Деловито возжигали крошечные костерки на засортирном пустырьке владельцы ценного имущества — чая, и на двух кирпичиках, в почерневшей консервной баночке каждый счастливец варил для собственного употребления густой, как дёготь, «чифир». Мне вовсе не доставляет удовольствия созерцать этих несчастных, варящих и затем пьющих своё вожделённое горькое пойло, не глядя друг на друга, я хотел бы пробудить свою память на чём-нибудь другом, нежели утро нового дня возле лагерного сортира, у выгребного рундука с прыгающими в нём крысами, рядом с которыми копошатся в тухлой массе отбросов две какие-то серые фигуры в телогрейках, в косо напяленных шапках — как два гигантских насекомых неизвестного вида. Я предпочёл бы никогда не знать подобного, уродливого и ошибочного в моих творческих содеяниях, тем более что я уже давно всё подобное предал уничтожению и только в моей болезненной памяти существует сие, — и не подводил бы я эту бедную память к краю вонючей сортирной ямы — зачем? зачем? — но именно в это утро отформовалась в мысль и слово та решимость Глеба Тураева, которая стала основой его преображения.
Он, участвуя в то утро в мучительных действиях людей для осуществления мучительных и мучительских предписаний относительно того, как организованнее и результативнее одним мучить других — и это для достижения существующей якобы разумной цели для всех, — в то утро Глеб вдруг ясно осознал, что сия благая и прекрасная цель отсутствует.

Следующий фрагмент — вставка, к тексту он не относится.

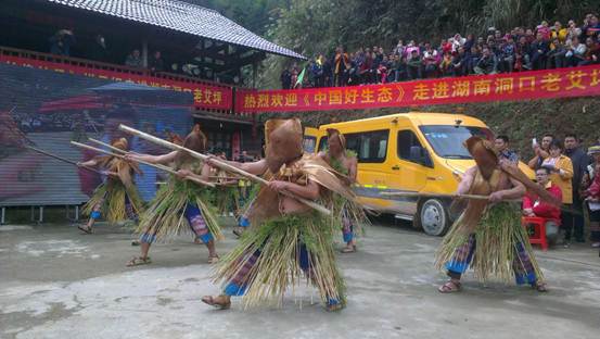 (长塘瑶族乡老艾坪村自然风光旖旎,保持原生态。) 洞口县长塘瑶族乡老艾坪村地处雪峰山腹地,距洞口县城仅20公里,是长塘瑶族乡瑶族人口居住最为集中的地方,平均海拔在1000米以上。这里是国家级非物质世界文化遗产——棕包脑舞的发源地;有极具特色瑶族文化——瑶歌、瑶语、盘王节和狩猎文化;有反映瑶族宗教特色的梅山五祖庙、天门公主庙;有抗日战争遗址芷江机场瞭望塔和雪峰山战役战场遗址;更有古树参天、流水潺潺、云海茫茫、层峦叠嶂等自然景观。 (国家级非物质文化遗产“棕包脑”舞表演。) (每逢过节,这里的瑶族都要相聚吃长龙宴,体现他们团结友爱。)
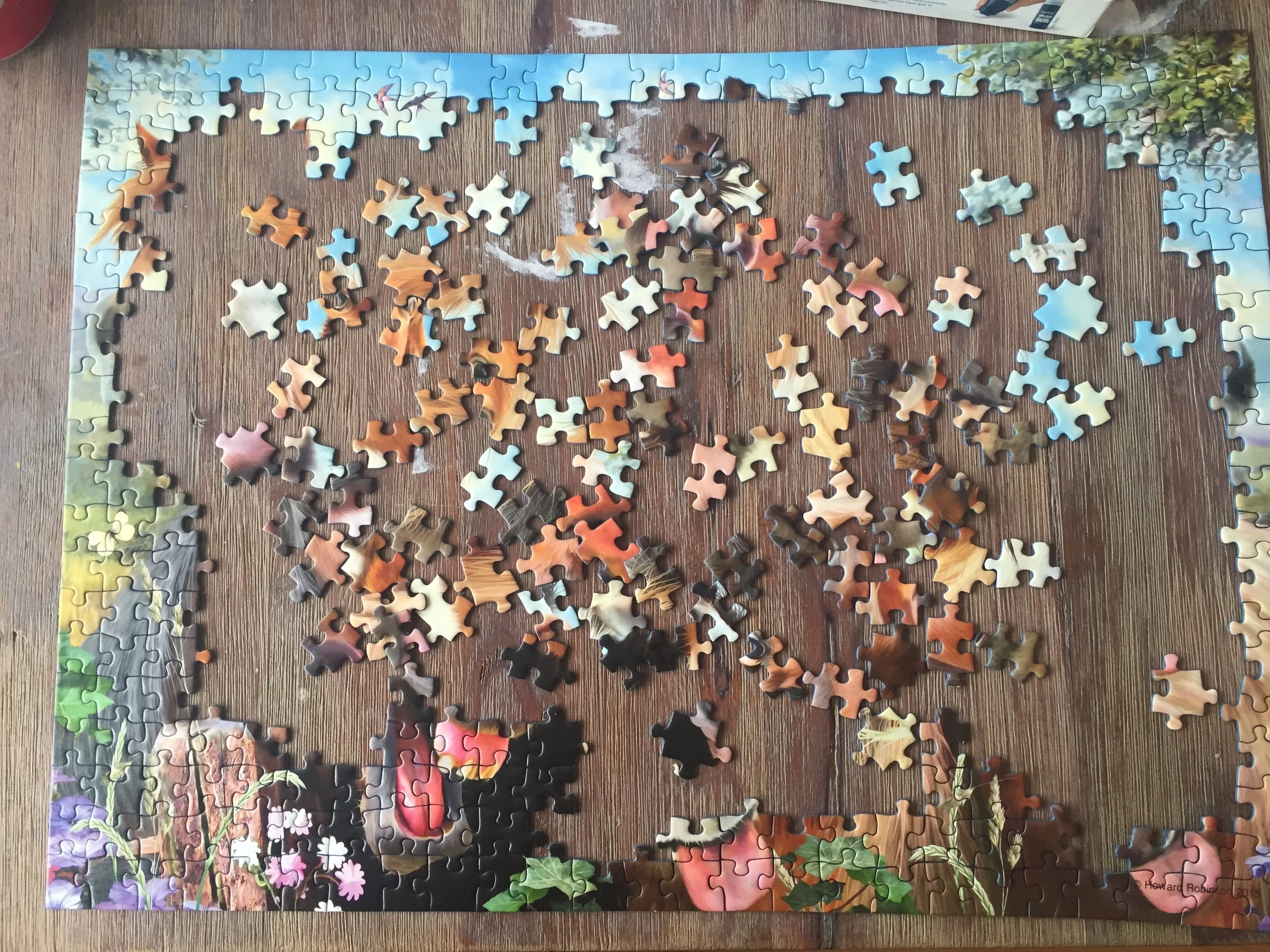 This Horsing Around puzzle includes 500 pieces, and as it had a lot of darker areas on the picture, similar shades of colours and patterns through the puzzle, thus, we found this one more challenging to complete. It also made us more determined and as the puzzle came together it was great fun seeing each horses funny 'selfie' pose.
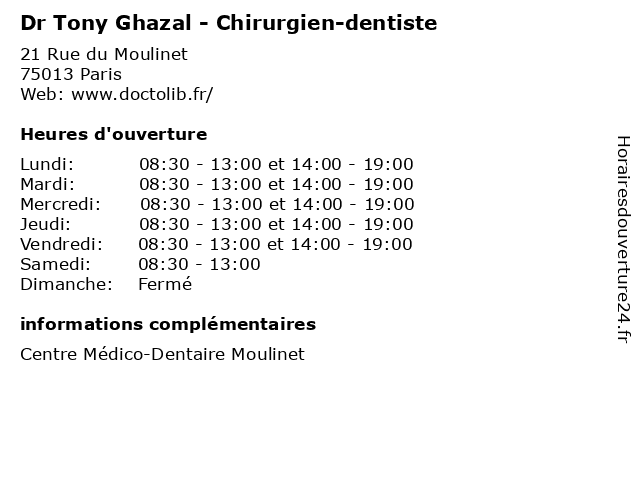 | Lundi | 08:30-13:00 et 14:00-19:00 |

Если разумное начало, такое могущественное в творчестве, столь бесцеремонно обходится с людьми и обрекает их на уничтожающий позор, то оно теряет на нас всякие права. Творца прекрасного мира несчастная тварь этого мира может потребовать оставить её в покое. И безнравственно было бы Ему не отпустить того, кто просит не мучить его душу, столь идентичную душе самого творца. Решение существовать _в разводе_ со мной — вот что меня поразило! Когда Иисус в Гефсиманском саду представил себе всю меру человеческого позора, ожидающего его, то он не мог уже отказаться пройти через него. И солдат Глеб Тураев почувствовал, что для него нет иного пути, как только пройти через последний хрип агонии — и к чему прийти?